Here's a brief overview of my methodology:
To begin with, I worked from the following list of assumptions:
1. Sim scores, as they are calculated today, are accurate beyond era and park concerns.
In other words, the values that James devised are the correct values to measure differences between players. This includes limiting the comparison to offensive productivity. Because defensive measurement is so widely debated, and because the stats needed to calculate a reliable defensive measure tend not to be available throughout the entire history of baseball, I chose to ignore the defensive value a player contributed.
2. Teams played a balanced schedule with no interleague play.
I made this assumption to simplify calculating park adjustments. Assuming a balanced schedule allowed me to calculate a park multiplier using the formula (BPF + LBPF)/200 where BPF equals the batters’ park factor for the home park and LBPF equals the batters’ park factor for the remainder of the league. There are some concerns with using the one-year park factors with no regression, but it seemed that the effects would be rather minimal since I’m interested in actual performance rather than prediction.
3. Park effects are even across all events.
Again, this was a simplifying assumption. It was much simply computationally to apply the single multiplier (discussed above) to all the stats, rather than try to figure out component effects – which probably would not even be possible for most of the older parks.
4. The sample size for any single position’s stats for a single year is too small to be an effective measure of the average performance.
Ideally, I would have liked to add a real positional adjustment to my calculation of the sim scores, rather than maintaining that proposed by James and used on Baseball Reference. Since my methodology is based on normalizing stats against an average player, that would mean creating an average player for each position for every year. I think the sample size for say American League Shortstops in 1964 is too small to use as population to measure against, but that’s really just personal opinion – I could be convinced otherwise. This choice made things easier computationally as well. I was able to ignore multiple positions in a year, rather than having to weight a player’s stats by his time spent at each position.
Taken those four points as givens, I used the following method to calculate my Adjusted Similarity Scores.
1. Park adjusted yearly stats for all major leaguers through 2001
This is pretty self-explanatory. I used the multiplier discussed above (BPF + LBPF)/200 to account for the park effects.

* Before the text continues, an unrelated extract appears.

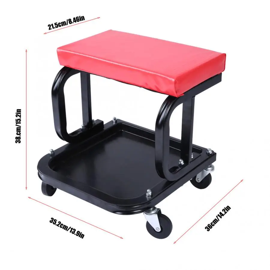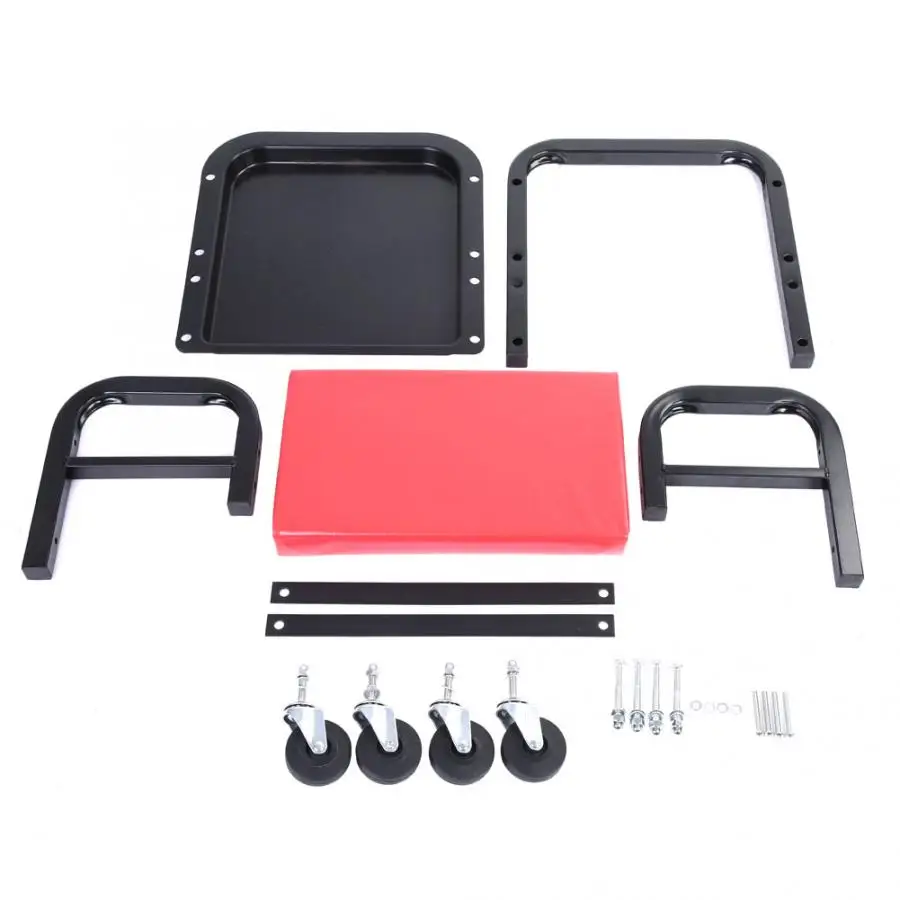 Совершенно новое и высококачественное ползающее сиденье с новым современным стилем и сильной практичностью. Красная подушка для защиты от грязи, прочная металлическая стальная рама. Четыре колеса легко перемещаются, это экономит ваше время и силы при ремонте вашего мотоцикла. Красный кожаный чехол с губчатой подушкой высокой плотности удобный и менее уставший, когда вы работаете с вашим мотоциклом. Легкий доступ к лотку для хранения, что удобно для вас, чтобы цель инструмента, который вам нужен. Это необходимый инструмент для вас, когда вы фиксируете свой мотоцикл.

2. Calculated rate stats (occurrence per plate appearance) for all major leagues through 2001
I broke up the rate stats by league. For example, in 1914, I had rates for the major offensive states for the National League, the American League and the Federal League. This was a simple matter of dividing the number of times a particular event occurred by the total number of plate appearances for the league in that season.
3. Determined an average year for each player-season.
I did this by multiplying the rate stats times the actual plate appearances for a player in the season to determine what an average player would have done if he had the same number of chances.
4. Summed real yearly stats (park adjusted) and average player stats to create career stats.
Simply added the stats from each year to create two different careers for each player – the real (park adjusted) one and the “average” career. As part of this step I also figured the career batting average and slugging percentage by using the component stats.
5. Normalized career stats by subtracting “average” from real
Subtracting the “average” stats from the real stats gives us a value for how much a certain player exceeded or fell short of the average for his career. By comparing the actuals to the average (both determined on a yearly basis) we can account for the offensive level of the era – thus providing the era adjustment missing from James’ sim scores.
6. Calculated weighted positional value
I did basically what Sean Foreman does on Baseball Reference. We both calculated a positional value using James’ position scores and a weighted average of the positions played. Where we might differ is that Sean uses “primary position” and I use any appearance at the position in my calculation.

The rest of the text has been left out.